# Sad Day at HalfSmokes House



## HalfSmoked (Mar 4, 2020)

I've seen this posted by other members and I feel for them. Now it will be our turn at HalfSmokes house. Today we have an appointment with the vet to put one of family 
friends to sleep. Very sad but she is 19 years old and has lived a great life. Has traveled even spend time in the Virgin Islands. She was originally our sons we had her since 2003.

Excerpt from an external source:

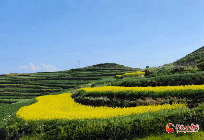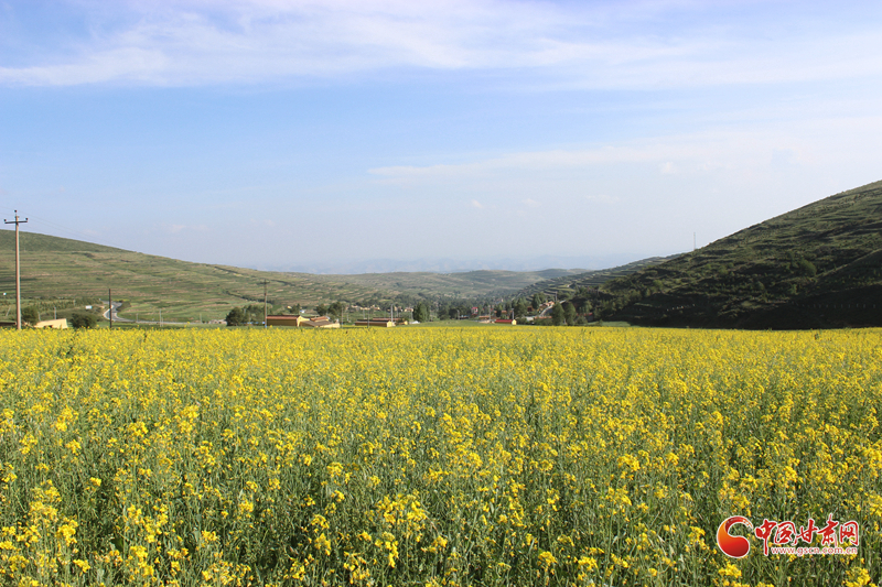 沿著普銀公路來到了被譽(yù)為“臨洮最北面的鄉(xiāng)村”的上營瓦窯灘村。這是個(gè)寧靜美麗的小山村,秋高氣爽,這里有一大片黃澄澄的油菜花地。一下車,站在普銀公路邊上,一眼望去,田間地頭,成片的油菜花與藍(lán)天白云青山交相輝映,村舍藏匿于廣闊的油菜花叢中,蜜蜂、蝴蝶在花叢中翩翩起舞,恰似一幅美麗的田園畫卷。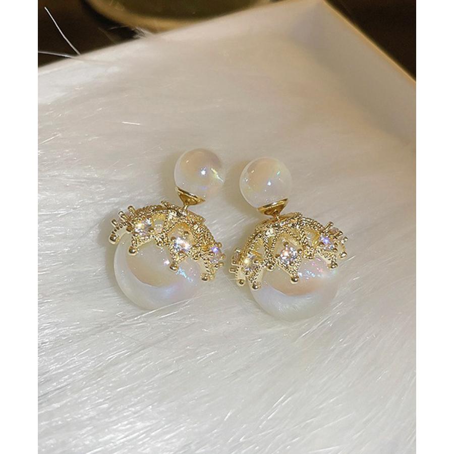 韓国風パールピアス 人魚の涙2WAYピアス 大ぶりスタッドピアス オルチャン 二粒パール 大人可愛 耳飾り 女性パーティ

Will be greatly missed. Our next in line is 18 years old then 12 and 4 years old.

Warren


----------



## xray (Mar 4, 2020)

I’m very sorry to hear Warren. My condolences.


----------



## noboundaries (Mar 4, 2020)

Warren, I feel for you, friend. She looks like such a wonderful expression of pure love. I'm shedding a tear for you and her.

My best,

Ray


----------



## Omnivore (Mar 4, 2020)

I'm so sorry, Warren. It sounds like you've given her an amazing life and I bet she loved you dearly. 19 years! You were definitely doing something right!


----------



## TNJAKE (Mar 4, 2020)

Sorry to hear bud.


----------



## 6GRILLZNTN (Mar 4, 2020)

Man I hate to hear that Warren.  My condolences!

Dave


----------



## texomakid (Mar 4, 2020)

Warren this breaks my heart. My wife Jana and I are active in dog rescue. We've been through this several times. We have an old stray in our barn right now (showed up yesterday - deaf and almost blind) We're trying to find her owner.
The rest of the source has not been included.